A small AI software team called MoonMath AI has released a free, open-source HIP attention kernel for the AMD MI300X chip. They say it runs faster than AMD’s own AITER v3 on every test shape and every rounding mode they tried. The news was reported by MarkTechPost on June 22, 2026. In plain words, MoonMath built a tiny, very fast program that speeds up the core math step inside modern AI models on AMD’s flagship AI chip.

Let us unpack the jargon first, because the headline is full of it.

What the terms actually mean

A kernel here is a small, highly optimized program that runs directly on a GPU (the chip that does the heavy math for AI).
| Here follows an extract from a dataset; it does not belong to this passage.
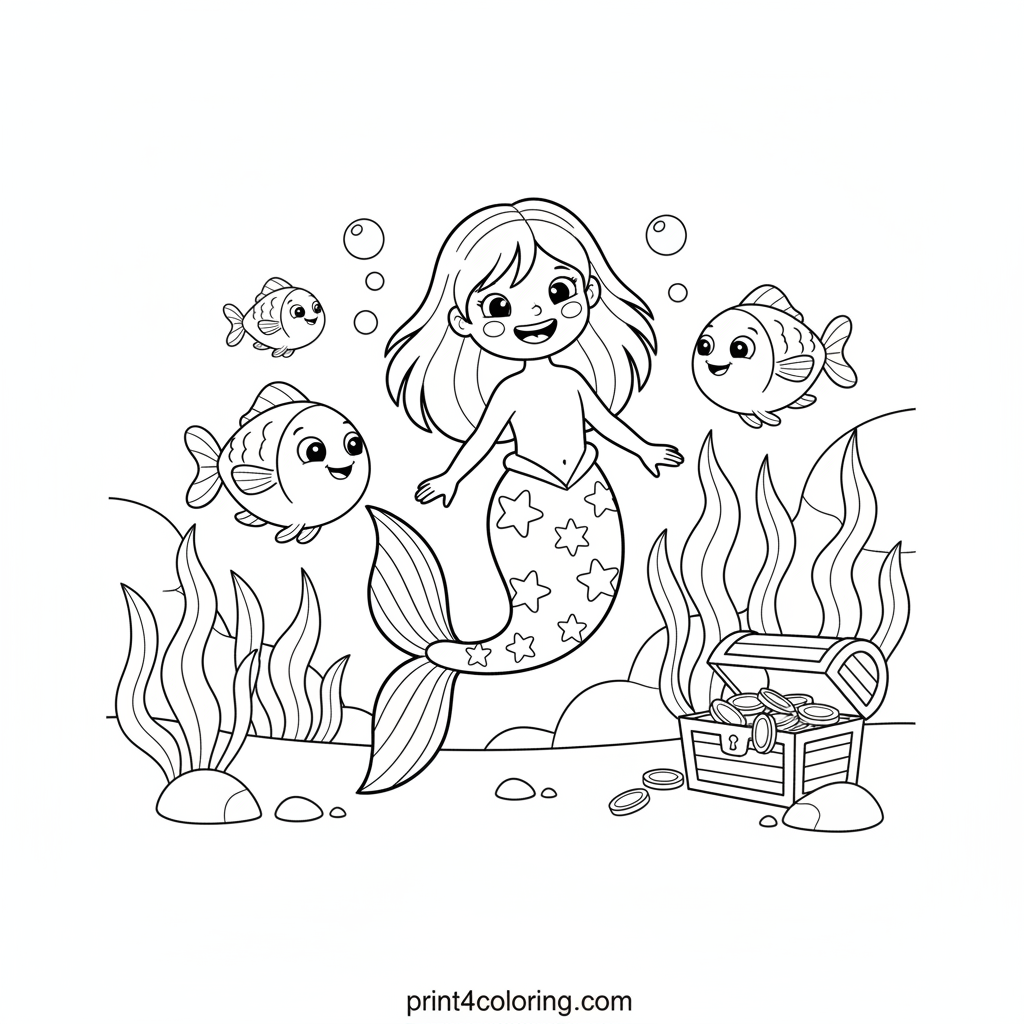 Dive into a magical underwater world with a cheerful young mermaid! Her sparkling tail glides through a vibrant lagoon, surrounded by smiling, colorful fish and gentle, swaying kelp. Bring this enchanting scene to life with your favorite colors and imagine the wonders of the deep sea.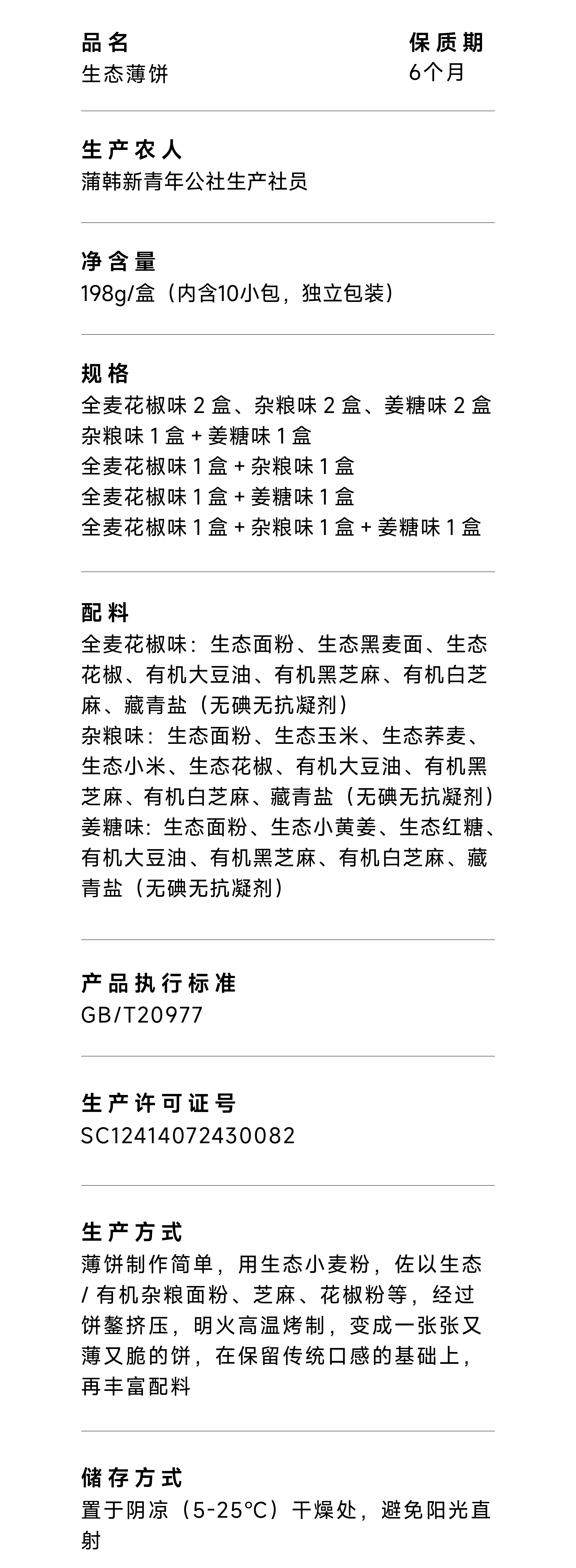 生态薄饼(薄脆) 198g*2盒 | 合作农友生产,来自山西永济,生产者:蒲韩公社成员 *【公平贸易农人定价】

Attention is the central math step in modern AI models like chatbots and image generators; it decides which parts of the input the model should focus on. The AMD MI300X is an AI accelerator chip, meaning a special processor built to train and run AI models. It is AMD’s rival to Nvidia’s GPUs.

HIP is AMD’s programming language for writing GPU code (similar to what CUDA is for Nvidia). Open-source means the code is published freely so anyone can read it, use it, or change it. MoonMath released theirs under the MIT license, one of the most permissive open-source licenses, so companies can use it even in commercial products.

AITER v3 is AMD’s own existing library of fast kernels. So MoonMath is claiming its free code beats AMD at AMD’s own game on AMD’s own chip.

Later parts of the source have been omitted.